**AVAILABLE DATA:**
════

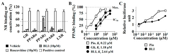 The target identification of butyrolactone I was performed due to a lack of correlation between the adiponectin production-enhancing activities and CDK5 inhibitor efficacies. Adiponectin biosynthesis is regulated by nuclear receptors, such as PPARα, PPARγ, PPARδ, GR, ER, and LXR [21,22]. To determine whether butyrolactone I directly affected these nuclear receptors, time-resolved fluorescence resonance energy transfer (TR-FRET)-based nuclear receptor binding assays were performed (Figure 3). In a TR-FRET assay, butyrolactone I significantly bound to PPARγ but did not affect specific ligand binding to PPARα, PPARδ, GR, or LXR. In contrast, roscovitine did not replace ligand binding to any nuclear receptor evaluated in this study (Figure 3A). In a concentration-dependent analysis of PPARγ binding, the Ki value of butyrolactone I was 2.64 μM, which was lower than those of a PPARγ full agonist pioglitazone (Ki 0.22 μM) and a PPARγ-binding sulfonylurea antidiabetic glibenclamide (Ki 1.18 μM) (Figure 3B). To determine the PPARγ binding activity of butyrolactone I with its functional association, butyrolactone I-induced PPARγ transactivation was measured with a cell-based PPARγ luciferase reporter transactivation assay. Butyrolactone I significantly increased PPARγ transactivation in a concentration-dependent manner; however, its maximum activity was not as potent as that of pioglitazone, supporting that butyrolactone I may be a PPARγ partial agonist (Figure 3C).
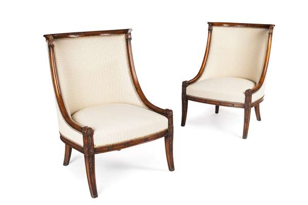 PAIR OF REGENCY STYLE MAHOGANY AND UPHOLSTERED BERGERES
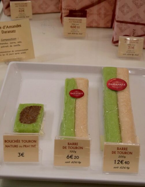 Les tourons sont plutôt une spécialité de Bayonne. On les trouve en gros rouleaux ou, pour une présentation plus élégante en coffret-cadeau, sous forme de petites mignardises colorées. Vous en trouverez notamment à la maison Daranatz et chez Cazenave.
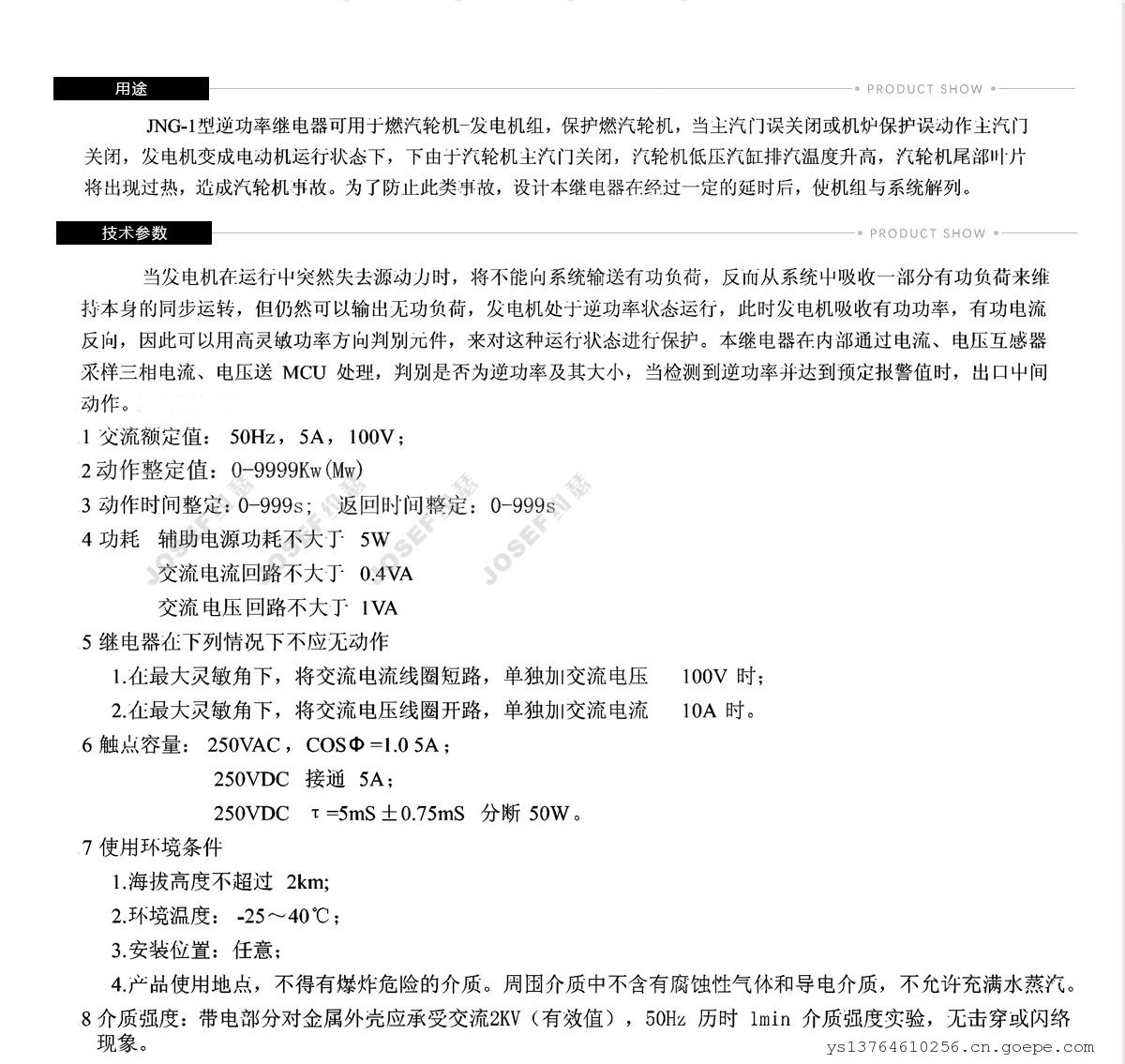 - JOSEF约瑟JNG-1逆功率继电器 50HZ 5A 100V
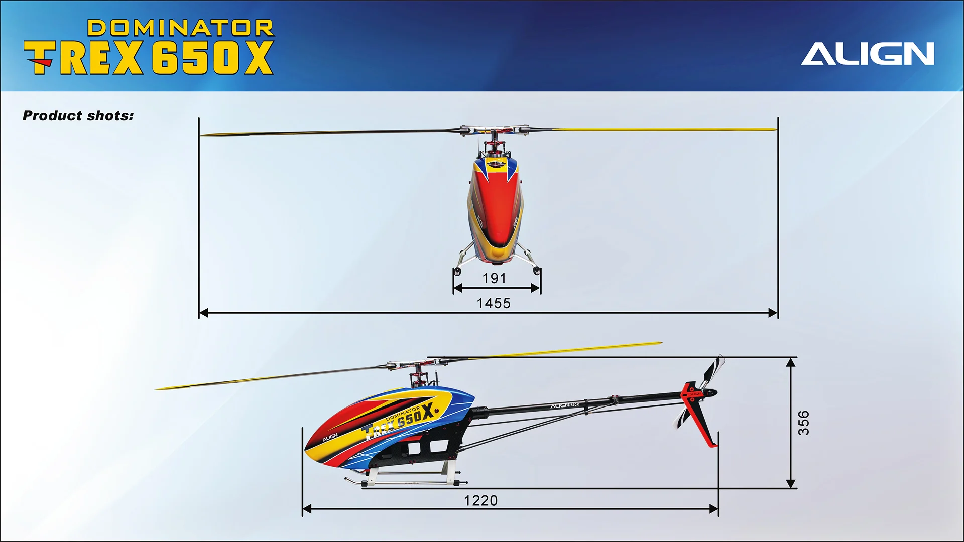 «T-REX 650X Dominator Super Combo»-это особый дизайн как для хобби, так и для 3D соревнований. Размер корпуса T-REX 650X составляет от T-REX до 600 вертолета класса T-REX. Он использует интегрированный композитный материал и технологию, которые эффективно увеличивают интенсивность конструкции и делают ремонт удобным. Верхняя узкая основная рама позволяет укрепить конструкцию, но также предотвращает деформацию, вибрацию и истирание шестерни при экстремальных полетах. Нижняя более широкая основная рамка имеет быстроразъемную защелку для аккумулятора, что делает сборку и разборку аккумулятора более удобными и безопасными. Бесформенная Головка ротора имеет низкую конструкцию CG, что лучше подходит для 3d-полета, что снижает сопротивление ветру, а также улучшает ощущение и стабильность полета. Так выровняйте T-REX 650X показывает отличные полетные характеристики как при агрессивном 3D полете, так и при медленном 3D полете F3C!
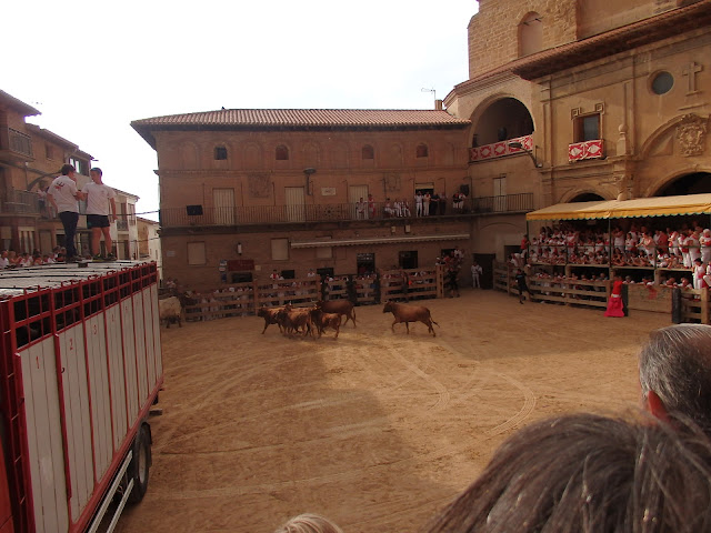 pierna, llevado en ambulancia al hospital de Estella. Las vaquillas en la plaza

════

**PROBLEM STATEMENT:** Print, exactly, each line above from the one with "Les tourons sont" to the one with "- JOSEF约瑟JNG-1逆功率继电器 50HZ 5A 100V", end lines included. Leave pictures out of it.

**REPLY TO THE TASK:**
 Les tourons sont plutôt une spécialité de Bayonne. On les trouve en gros rouleaux ou, pour une présentation plus élégante en coffret-cadeau, sous forme de petites mignardises colorées. Vous en trouverez notamment à la maison Daranatz et chez Cazenave.
 - JOSEF约瑟JNG-1逆功率继电器 50HZ 5A 100V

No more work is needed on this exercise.